As is the case with many important celebrations in the Greek Orthodox Church, there are many things to prepare for the upcoming event. This of course goes well beyond the planning of the perfect centerpieces for the reception following the church service. Since the Godparent is such a central figure in the highly symbolic baptismal service, there are many things that you take responsibility for in the process.
As a child’s Godparent you take on the responsibility of the child’s spiritual upbringing. The relationship between Godparent and Godchild is as close as one can become to being a child’s family member. Traditionally, the Godparent would be the one to name the child, by giving them a Greek and Christian name that is used for the first time in the baptismal service. However, this is often no longer the case, especially in America, as it is the child’s parents who name their child.

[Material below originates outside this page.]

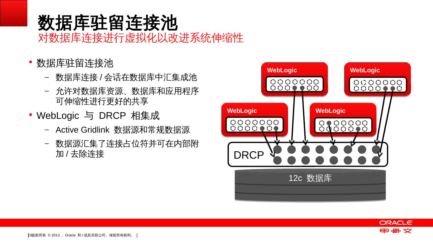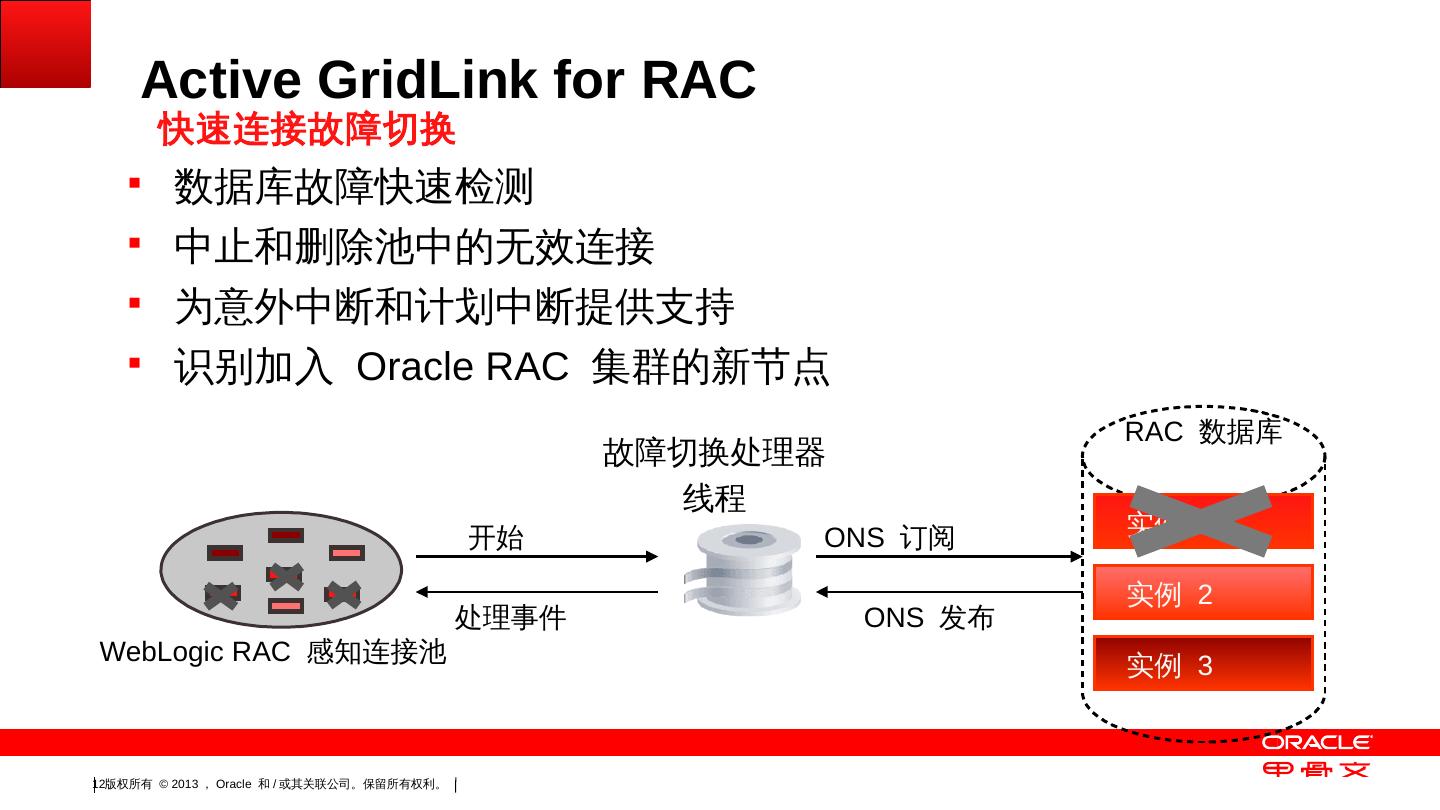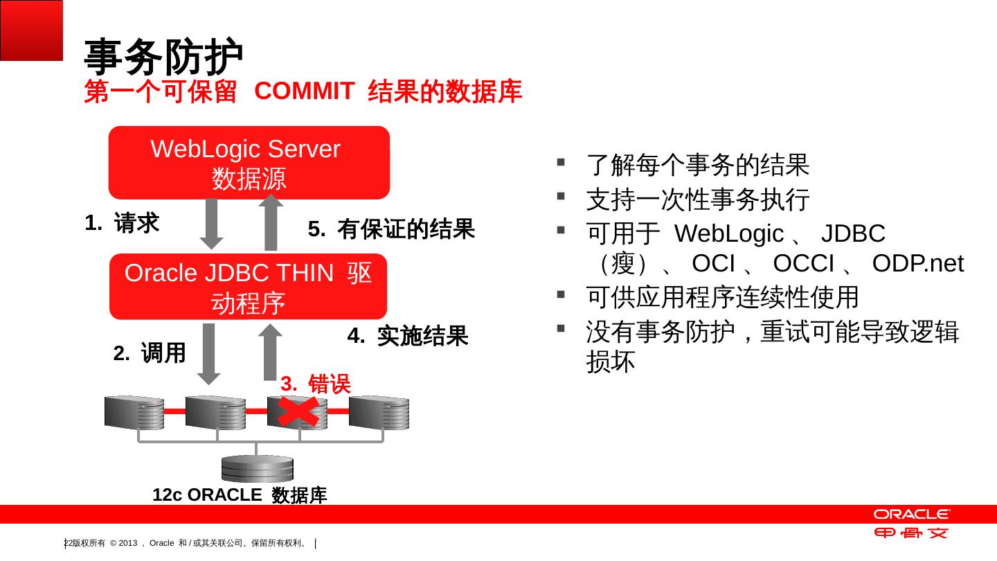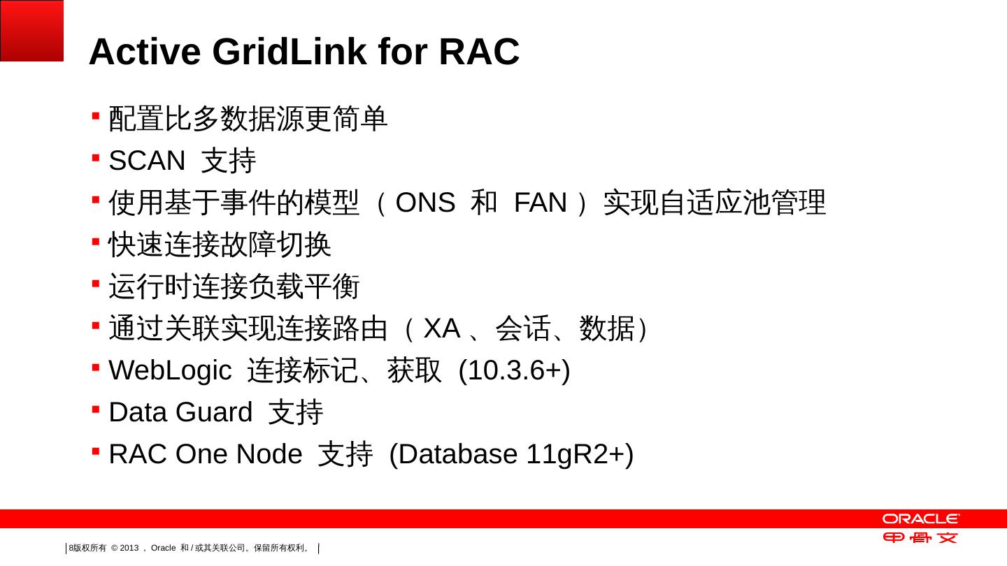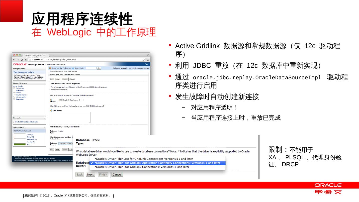 Active Gridlink 数据源和常规数据源(仅12c 驱动程序); 利用JDBC 重放(在12c 数据库中重新实现); 通过oracle.jdbc.replay.OracleDataSourceImpl 驱动程序类进行 ...

But not to worry, there are still plenty of things for you to prepare for the upcoming baptism. This includes many of the items used in the service that are brought to the priest before it begins.
These items traditionally include the following:
- 1 Gold Cross & Chain
- 1 Set of New White Clothing for After the Service
- 1 Small Bottle of Olive Oil
- 1 Bar of Soap
- White Hand Towels
- 1 Large White Bath Towel
- 1 White Sheet
- 1 Large Baptismal Candle
- 3 or more White Candles for the Procession
For the large white baptismal candle, decorations customarily include a large bow of ribbon and tulle with streamers and even artificial flowers. Appropriately blue is used for a baby boy, while pink is used for a baby girl.
In addition to the above items, the Godparent also has several tasks following the baptism. You should give the baby his or her ‘first’ bath following their baptism, as well as washing the baptismal sheet, clothes and towel. It is important to remember that the water from the bath contains the holy oil, and it should not be dumped down the drain. People commonly pour the outside on a place that cannot be stepped on, such as trees or even the corner of your house.
Many times the Godparents place all of the items from the baptism in a box, which is then given to your Godchild’s family. Following the baptism, the Godparent should also take their Godchild to church to receive communion for three consecutive Sundays. It is important to bring the baptismal candle with you and light it for communion.
There is inevitably a level of stress that is associated with any big celebration, especially one as important as a child’s baptism, but not to worry it is completely manageable. Despite this, getting the opportunity to be a Godparent is a great honor, one that truly lasts a lifetime, so make sure to enjoy the baptism and new relationship you have with your new Godchild!